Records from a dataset
........
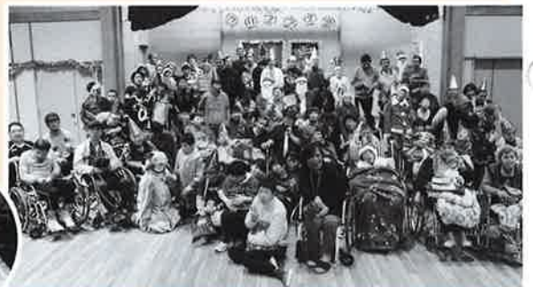
メリークリスマス！
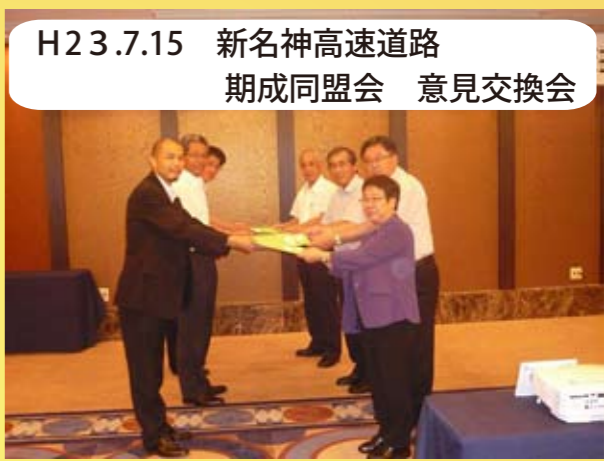
H23.7.15 新名神高速道路 期成同盟会 意見交換会 兵庫県、神戸市、宝塚市、猪名川町、川西市の各首長と国土交通省、NEXCO が一堂に会して、新名神高速道路（兵庫県）建設促進に係る意見交換を行いました。各関係機関で協力し早期開通を目指して頑張ります。
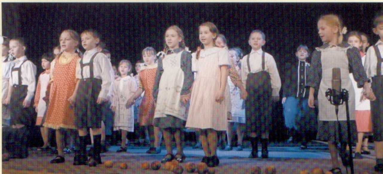
Nowy dziecięcy zespół podbił już serca widzów.

Podczas ostatnich spotkań organizowanych w Pawłowicach i Pniówku debiutował nowy zespół dziecięcy działający przy Gminnym Ośrodku Kultury. Piękne, oryginalne stroje, wyliczanki i piosenki z czasów dzieciństwa naszych babć i dziadków to jego znak rozpoznawczy.
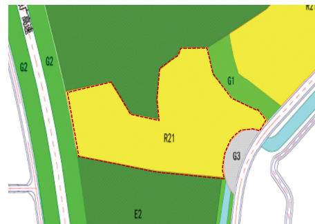
调整后用地布局规划图
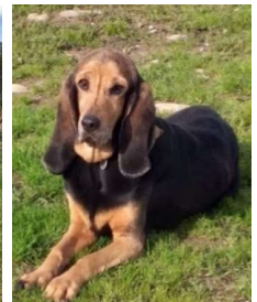
Dolly/w, geb. 25.6.10 bruno du Jura im TH seit 28.3.15
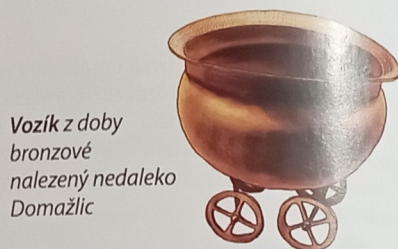
Vozík z doby bronzové nalezený nedaleko Domažlic
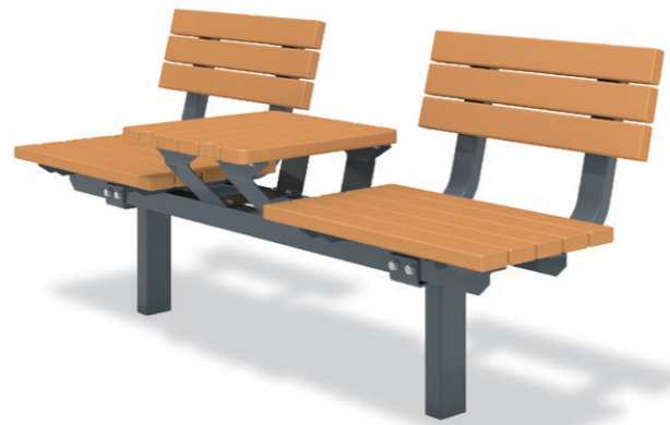
RBF-1710（センターテーブルタイプ） ¥330,000+消費税
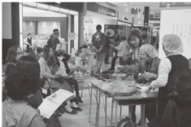
▲イオンモール福津で、野菜を使ったレシピを紹介

3月1日と2日の2日間、イオンモール福津で、カリフラワー、ブロッコリー、キャベツ、トマトなど、福津市自慢の旬の野菜たちが集合する「福津のベジ学校」を開校しました。
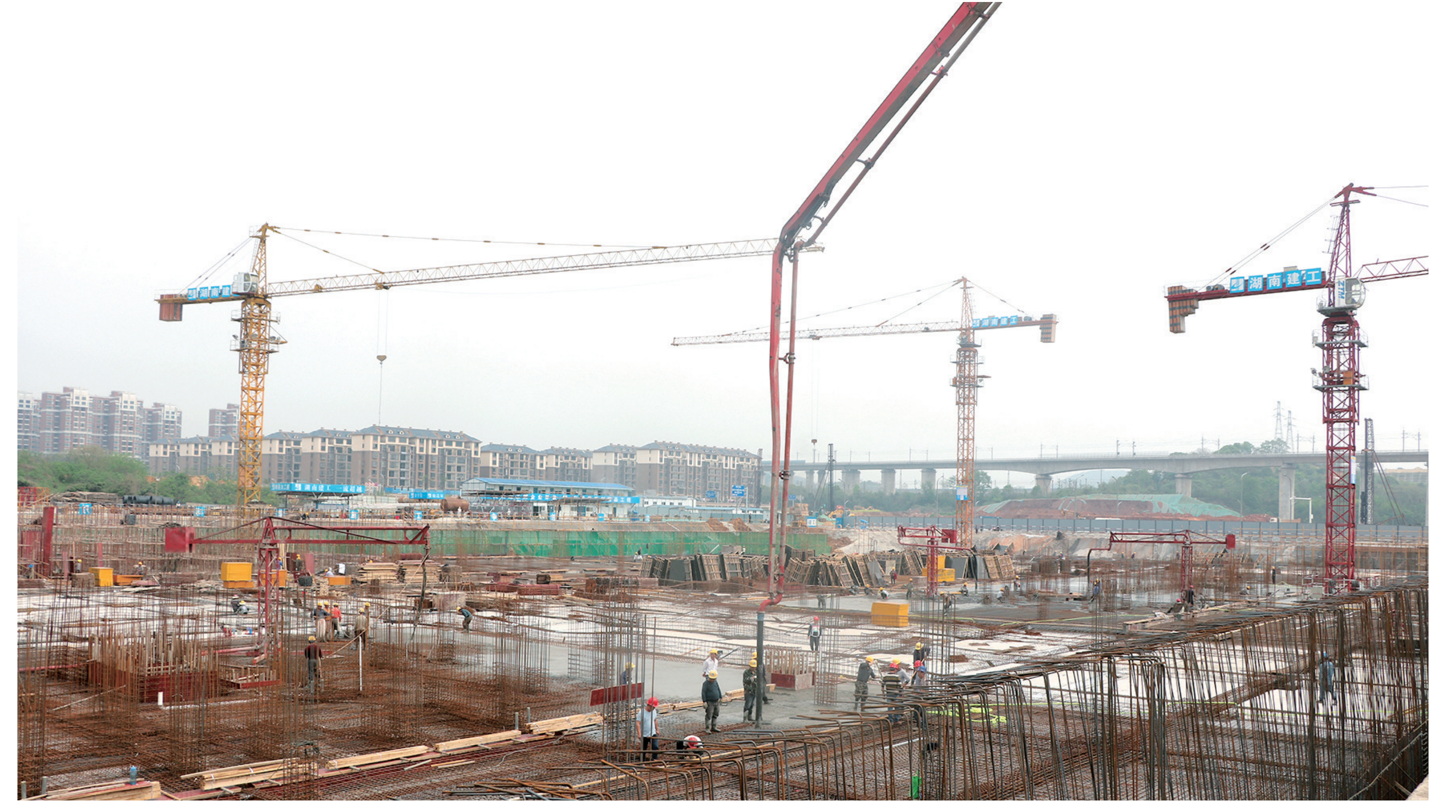
昭山棚户区改造集中安置小区(二期)浇筑地下室底板。
........
• **ASSIGNMENT**: Show all lines in the entries above where the string "イオンモール福津で" appears.

• **OUTPUT**:
▲イオンモール福津で、野菜を使ったレシピを紹介
3月1日と2日の2日間、イオンモール福津で、カリフラワー、ブロッコリー、キャベツ、トマトなど、福津市自慢の旬の野菜たちが集合する「福津のベジ学校」を開校しました。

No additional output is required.